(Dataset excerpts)
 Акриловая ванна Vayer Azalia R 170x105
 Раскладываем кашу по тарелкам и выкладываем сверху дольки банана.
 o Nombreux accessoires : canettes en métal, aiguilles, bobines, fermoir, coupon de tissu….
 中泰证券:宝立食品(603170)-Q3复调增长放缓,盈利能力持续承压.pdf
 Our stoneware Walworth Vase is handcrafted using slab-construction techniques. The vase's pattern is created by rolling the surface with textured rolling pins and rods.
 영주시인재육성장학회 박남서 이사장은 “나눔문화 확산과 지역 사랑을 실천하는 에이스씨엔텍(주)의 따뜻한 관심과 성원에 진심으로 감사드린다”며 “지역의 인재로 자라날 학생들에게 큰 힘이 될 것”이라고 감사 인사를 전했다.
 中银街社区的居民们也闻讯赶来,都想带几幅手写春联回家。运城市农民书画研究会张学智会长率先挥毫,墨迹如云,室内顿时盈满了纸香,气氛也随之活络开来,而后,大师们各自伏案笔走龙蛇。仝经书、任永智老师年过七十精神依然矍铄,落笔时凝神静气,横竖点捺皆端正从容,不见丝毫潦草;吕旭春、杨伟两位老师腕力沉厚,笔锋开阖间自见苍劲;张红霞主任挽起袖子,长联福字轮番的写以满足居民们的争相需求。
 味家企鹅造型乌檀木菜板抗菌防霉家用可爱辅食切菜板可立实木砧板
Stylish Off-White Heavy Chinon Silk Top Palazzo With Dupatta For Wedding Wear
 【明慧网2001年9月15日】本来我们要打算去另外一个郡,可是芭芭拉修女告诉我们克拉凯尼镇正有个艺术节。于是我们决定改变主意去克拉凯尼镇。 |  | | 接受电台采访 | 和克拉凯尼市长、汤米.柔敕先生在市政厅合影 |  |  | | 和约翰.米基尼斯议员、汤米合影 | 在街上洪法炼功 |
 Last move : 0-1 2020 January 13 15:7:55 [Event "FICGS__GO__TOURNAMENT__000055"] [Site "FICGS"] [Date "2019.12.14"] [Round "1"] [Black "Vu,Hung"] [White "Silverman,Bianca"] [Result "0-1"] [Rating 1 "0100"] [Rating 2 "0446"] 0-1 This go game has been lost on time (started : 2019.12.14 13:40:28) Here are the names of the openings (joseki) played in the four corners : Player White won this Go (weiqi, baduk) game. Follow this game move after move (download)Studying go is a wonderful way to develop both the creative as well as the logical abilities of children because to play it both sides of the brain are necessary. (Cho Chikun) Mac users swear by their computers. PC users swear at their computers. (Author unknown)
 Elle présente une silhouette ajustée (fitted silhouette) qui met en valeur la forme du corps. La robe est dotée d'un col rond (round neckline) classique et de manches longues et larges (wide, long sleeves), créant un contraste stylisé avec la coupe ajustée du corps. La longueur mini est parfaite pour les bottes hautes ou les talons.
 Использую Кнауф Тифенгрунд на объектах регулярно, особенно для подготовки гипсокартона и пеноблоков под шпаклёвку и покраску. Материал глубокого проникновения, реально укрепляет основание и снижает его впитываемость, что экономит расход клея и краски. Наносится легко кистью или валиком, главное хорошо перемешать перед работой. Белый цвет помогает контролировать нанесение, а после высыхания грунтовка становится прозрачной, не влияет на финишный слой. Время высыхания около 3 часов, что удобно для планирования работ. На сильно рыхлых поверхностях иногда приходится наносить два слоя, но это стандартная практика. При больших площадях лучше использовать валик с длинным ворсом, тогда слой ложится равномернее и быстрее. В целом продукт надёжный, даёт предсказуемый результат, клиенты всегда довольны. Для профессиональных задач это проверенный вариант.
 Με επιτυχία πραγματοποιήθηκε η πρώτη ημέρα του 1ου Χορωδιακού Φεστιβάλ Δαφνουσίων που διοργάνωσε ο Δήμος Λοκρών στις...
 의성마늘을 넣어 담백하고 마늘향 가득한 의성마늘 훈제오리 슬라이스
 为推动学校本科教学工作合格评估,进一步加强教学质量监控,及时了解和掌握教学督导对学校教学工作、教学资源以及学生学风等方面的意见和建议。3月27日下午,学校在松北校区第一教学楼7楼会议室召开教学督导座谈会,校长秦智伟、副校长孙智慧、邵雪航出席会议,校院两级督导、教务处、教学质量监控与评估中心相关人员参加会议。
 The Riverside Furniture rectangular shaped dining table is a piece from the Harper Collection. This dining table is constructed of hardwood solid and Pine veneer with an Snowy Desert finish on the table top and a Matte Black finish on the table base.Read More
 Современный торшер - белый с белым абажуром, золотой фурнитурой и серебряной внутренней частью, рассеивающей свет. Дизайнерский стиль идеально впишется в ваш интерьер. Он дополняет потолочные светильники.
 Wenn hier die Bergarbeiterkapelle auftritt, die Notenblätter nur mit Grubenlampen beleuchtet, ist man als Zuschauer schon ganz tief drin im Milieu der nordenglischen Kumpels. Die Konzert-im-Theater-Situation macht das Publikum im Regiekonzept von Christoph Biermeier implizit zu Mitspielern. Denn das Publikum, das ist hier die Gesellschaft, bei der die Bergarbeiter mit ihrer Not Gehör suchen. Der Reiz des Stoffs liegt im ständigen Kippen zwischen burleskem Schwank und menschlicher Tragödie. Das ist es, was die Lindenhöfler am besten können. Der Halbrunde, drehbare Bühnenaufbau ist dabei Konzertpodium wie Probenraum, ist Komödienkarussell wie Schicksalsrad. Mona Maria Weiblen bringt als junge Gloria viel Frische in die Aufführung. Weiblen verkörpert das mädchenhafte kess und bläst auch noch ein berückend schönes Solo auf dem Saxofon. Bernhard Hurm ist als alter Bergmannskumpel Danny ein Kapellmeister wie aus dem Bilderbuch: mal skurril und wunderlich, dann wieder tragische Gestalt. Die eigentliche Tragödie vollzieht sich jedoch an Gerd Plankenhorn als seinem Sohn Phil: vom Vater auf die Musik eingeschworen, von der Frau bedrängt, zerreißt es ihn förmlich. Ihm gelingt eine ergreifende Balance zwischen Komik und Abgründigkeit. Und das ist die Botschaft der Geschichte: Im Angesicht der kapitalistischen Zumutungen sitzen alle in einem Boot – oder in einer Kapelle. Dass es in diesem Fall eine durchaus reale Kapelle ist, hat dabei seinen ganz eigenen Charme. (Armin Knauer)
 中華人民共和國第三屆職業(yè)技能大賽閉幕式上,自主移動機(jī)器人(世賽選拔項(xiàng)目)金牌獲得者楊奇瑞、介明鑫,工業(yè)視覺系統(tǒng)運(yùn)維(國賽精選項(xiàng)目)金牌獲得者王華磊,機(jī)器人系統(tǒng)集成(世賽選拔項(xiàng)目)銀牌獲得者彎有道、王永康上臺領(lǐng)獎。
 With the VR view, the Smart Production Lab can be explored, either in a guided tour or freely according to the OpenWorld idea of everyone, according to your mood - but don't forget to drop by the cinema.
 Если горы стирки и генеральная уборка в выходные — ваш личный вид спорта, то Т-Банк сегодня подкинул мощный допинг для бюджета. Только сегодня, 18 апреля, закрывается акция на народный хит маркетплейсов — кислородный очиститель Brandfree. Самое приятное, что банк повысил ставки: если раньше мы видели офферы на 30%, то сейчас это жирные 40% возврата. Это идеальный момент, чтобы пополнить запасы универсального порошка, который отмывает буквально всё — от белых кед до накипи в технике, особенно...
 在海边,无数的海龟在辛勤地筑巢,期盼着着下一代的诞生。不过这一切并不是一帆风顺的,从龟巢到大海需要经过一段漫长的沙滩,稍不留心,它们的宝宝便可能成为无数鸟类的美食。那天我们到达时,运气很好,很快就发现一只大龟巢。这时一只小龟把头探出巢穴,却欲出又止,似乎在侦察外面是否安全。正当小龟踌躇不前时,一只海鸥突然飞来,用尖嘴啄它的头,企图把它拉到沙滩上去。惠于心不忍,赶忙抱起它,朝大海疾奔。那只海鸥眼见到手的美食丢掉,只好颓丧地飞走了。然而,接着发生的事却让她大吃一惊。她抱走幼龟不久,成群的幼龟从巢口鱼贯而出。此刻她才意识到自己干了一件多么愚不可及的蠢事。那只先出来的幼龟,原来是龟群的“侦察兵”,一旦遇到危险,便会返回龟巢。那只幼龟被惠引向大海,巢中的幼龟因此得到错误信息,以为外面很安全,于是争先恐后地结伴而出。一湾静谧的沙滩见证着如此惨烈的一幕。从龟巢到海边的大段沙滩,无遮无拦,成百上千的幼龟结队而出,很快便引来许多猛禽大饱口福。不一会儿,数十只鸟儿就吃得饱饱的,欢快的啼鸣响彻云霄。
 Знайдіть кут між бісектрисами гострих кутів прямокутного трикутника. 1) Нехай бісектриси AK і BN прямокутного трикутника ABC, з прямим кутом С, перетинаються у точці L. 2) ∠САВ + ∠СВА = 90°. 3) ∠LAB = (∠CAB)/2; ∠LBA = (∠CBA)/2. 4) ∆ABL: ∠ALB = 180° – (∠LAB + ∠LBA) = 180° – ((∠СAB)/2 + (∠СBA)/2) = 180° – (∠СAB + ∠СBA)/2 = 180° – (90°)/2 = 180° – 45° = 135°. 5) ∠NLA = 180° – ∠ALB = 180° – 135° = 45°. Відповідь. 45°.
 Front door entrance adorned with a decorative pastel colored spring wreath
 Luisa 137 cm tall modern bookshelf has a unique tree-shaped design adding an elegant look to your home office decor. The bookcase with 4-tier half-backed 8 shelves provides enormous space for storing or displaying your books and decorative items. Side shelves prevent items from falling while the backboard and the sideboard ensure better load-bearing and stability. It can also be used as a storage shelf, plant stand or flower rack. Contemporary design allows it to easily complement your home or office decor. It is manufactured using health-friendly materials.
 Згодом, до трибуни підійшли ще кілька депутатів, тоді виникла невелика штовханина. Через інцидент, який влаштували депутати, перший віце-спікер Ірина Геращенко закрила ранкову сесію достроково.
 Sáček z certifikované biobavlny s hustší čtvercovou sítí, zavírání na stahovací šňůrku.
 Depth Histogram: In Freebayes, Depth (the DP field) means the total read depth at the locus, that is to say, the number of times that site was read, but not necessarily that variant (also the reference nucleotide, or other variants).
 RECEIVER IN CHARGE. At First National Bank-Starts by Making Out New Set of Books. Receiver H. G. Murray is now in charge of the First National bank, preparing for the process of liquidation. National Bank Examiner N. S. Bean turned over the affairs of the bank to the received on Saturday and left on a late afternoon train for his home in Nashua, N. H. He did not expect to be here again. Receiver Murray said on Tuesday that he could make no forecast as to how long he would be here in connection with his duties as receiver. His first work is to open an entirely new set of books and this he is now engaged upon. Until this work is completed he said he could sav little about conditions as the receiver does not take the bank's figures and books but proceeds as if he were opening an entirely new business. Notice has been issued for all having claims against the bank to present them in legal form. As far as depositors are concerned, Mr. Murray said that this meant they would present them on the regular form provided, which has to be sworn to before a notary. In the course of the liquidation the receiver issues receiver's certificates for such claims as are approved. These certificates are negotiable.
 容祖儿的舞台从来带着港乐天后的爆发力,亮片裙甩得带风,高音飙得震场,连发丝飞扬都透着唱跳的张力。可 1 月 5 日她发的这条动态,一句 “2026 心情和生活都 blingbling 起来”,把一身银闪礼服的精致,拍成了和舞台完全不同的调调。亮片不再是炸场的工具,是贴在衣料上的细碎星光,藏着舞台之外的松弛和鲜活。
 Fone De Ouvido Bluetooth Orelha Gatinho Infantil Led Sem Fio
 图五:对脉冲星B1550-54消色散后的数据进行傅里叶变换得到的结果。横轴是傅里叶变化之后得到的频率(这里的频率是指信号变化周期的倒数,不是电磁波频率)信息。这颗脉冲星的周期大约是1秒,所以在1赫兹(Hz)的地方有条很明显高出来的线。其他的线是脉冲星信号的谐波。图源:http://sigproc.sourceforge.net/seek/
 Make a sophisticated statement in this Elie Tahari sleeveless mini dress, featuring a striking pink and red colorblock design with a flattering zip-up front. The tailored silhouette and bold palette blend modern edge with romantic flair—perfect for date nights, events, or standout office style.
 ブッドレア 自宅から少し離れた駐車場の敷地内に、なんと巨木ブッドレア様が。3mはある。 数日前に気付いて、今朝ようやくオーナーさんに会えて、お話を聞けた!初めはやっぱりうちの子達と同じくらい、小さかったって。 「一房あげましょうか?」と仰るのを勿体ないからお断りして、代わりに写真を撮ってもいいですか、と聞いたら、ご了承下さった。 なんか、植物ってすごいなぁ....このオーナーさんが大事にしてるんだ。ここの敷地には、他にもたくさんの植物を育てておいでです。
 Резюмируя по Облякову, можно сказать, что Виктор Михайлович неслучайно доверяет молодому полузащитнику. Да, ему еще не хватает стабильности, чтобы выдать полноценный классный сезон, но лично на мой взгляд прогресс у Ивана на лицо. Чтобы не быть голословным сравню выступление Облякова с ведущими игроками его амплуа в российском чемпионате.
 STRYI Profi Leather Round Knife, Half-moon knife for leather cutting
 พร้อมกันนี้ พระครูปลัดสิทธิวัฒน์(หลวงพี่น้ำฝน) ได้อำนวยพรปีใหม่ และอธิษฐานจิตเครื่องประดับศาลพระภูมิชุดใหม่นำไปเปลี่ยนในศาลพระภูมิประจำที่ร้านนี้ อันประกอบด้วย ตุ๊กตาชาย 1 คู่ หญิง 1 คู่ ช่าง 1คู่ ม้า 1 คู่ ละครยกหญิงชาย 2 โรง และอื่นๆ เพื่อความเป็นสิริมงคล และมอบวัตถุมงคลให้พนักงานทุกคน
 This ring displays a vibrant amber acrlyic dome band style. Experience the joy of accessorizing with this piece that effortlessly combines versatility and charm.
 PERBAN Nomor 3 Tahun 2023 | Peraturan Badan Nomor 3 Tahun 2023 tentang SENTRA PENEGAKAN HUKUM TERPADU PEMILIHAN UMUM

● REQUIREMENT: Search the entries above for the string "чтобы", and report each line where it occurs.

● SOLUTION:
 Если горы стирки и генеральная уборка в выходные — ваш личный вид спорта, то Т-Банк сегодня подкинул мощный допинг для бюджета. Только сегодня, 18 апреля, закрывается акция на народный хит маркетплейсов — кислородный очиститель Brandfree. Самое приятное, что банк повысил ставки: если раньше мы видели офферы на 30%, то сейчас это жирные 40% возврата. Это идеальный момент, чтобы пополнить запасы универсального порошка, который отмывает буквально всё — от белых кед до накипи в технике, особенно...
 Резюмируя по Облякову, можно сказать, что Виктор Михайлович неслучайно доверяет молодому полузащитнику. Да, ему еще не хватает стабильности, чтобы выдать полноценный классный сезон, но лично на мой взгляд прогресс у Ивана на лицо. Чтобы не быть голословным сравню выступление Облякова с ведущими игроками его амплуа в российском чемпионате.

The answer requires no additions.